I've updated to a kind of quasi-anti-foundationalist position. I'm not against finding a strong foundation in principle (and indeed, I think it's a useful project!), but I'm saying that as a matter of fact, we have a lot of uncertainty, and it sure would be nice to have a normative theory which allowed us to account for that (a kind of afoundationalist normative theory -- not anti-foundationalist, but not strictly foundationalist, either). This should still be a strong formal theory, but one which requires weaker assumptions than usual (in much the same way reasoning about the world via probability theory requires weaker assumptions than reasoning about the world via pure logic).

But it seems that we don't even need that. While we will of course need a particular formal theory to start the ascent, we don't need to assume that anything in particular about that theory is correct. We just need to believe that its good enough to converge to the correct interpretation. There are propably quite a few ways to get into this dynamic that have the correct theory as a fixed point. The goal then is to find one where its basin of attraction is especially large or easy to understand.

# Ω 7

New Comment

I'm still vague on how the interpretation actually works. What connects the english sentence "it's raining" to epistemology module's rainfall indicator? Why can't "it's raining" be taken to mean the proposition 2+2=4?

I'm not sure what you don't understand, so I'll explain a few things in that area and hope I hit the right one:

I give sentences their english name in the example to make it understandable. Here are two ways you could give more detail on the example scenario, each of which is consistent:

1. "It's raining" is just the english name for a complicated construct in a database query language, used to be understandable. It's connected to the epistemology module because the machine stores its knowledge in that database.
2. Actually, you are the interpreter and I'm the speaker. In that case, english in the interpreter language, and "It's raining" is literally how you interpret observation1. It's connected to your epistemology modules rainfall indicator... somehow? By your knowledge of english? In that example, observation1 might be "Bunthut sent the string "Es regnet"".

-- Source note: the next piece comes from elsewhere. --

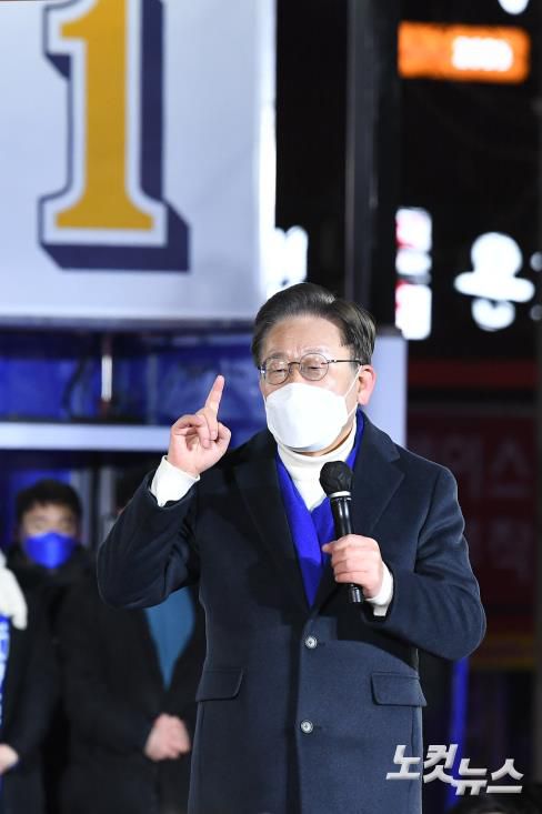 이재명 더불어민주당 대선 후보가 17일 오후 서울 마포구 홍대 상상마당 앞에서 '이제는 청년이다! 청년기회국 유세'를 하며 시민들에게 지지를 호소하고 있다.

Sentences in interpreter language are connected to the epistemology engine simply by supposition. The interpreter language is how the interpreter internally expresses its beliefs, otherwise it's not the interpreter language.

"It's raining" as a sentece of the interpreter language can't be taken to mean "2+2=4" because the interpreter language doesn't need to be interpreted, the interpreter already understands it. "It's raining" as a string sent by the speaker can be taken to mean "2+2=4". It really depends on the prior - if you start out with a prior thats too wrong, you'll end up with nonesense interpretations.

I don't mean the internal language of the interpreter, I mean the external language, the human literally saying "it's raining." It seems like there's some mystery process that connects observations to hypotheses about what some mysterious other party "really means" - but if this process ever connects the observations to propositions that are always true, it seems like that gets most favored by the update rule, and so "it's raining" (spoken aloud) meaning 2+2=4 (in internal representation) seems like an attractor.

It seems like there's some mystery process that connects observations to hypotheses about what some mysterious other party "really means"

The hypothesis do that. I said

We start out with a prior over hypothesis about meaning. Such a hypothesis generates a propability distribution over all propositions of the form "[Observation] means [propositon]." for each observation (including the possibility that the observation means nothing).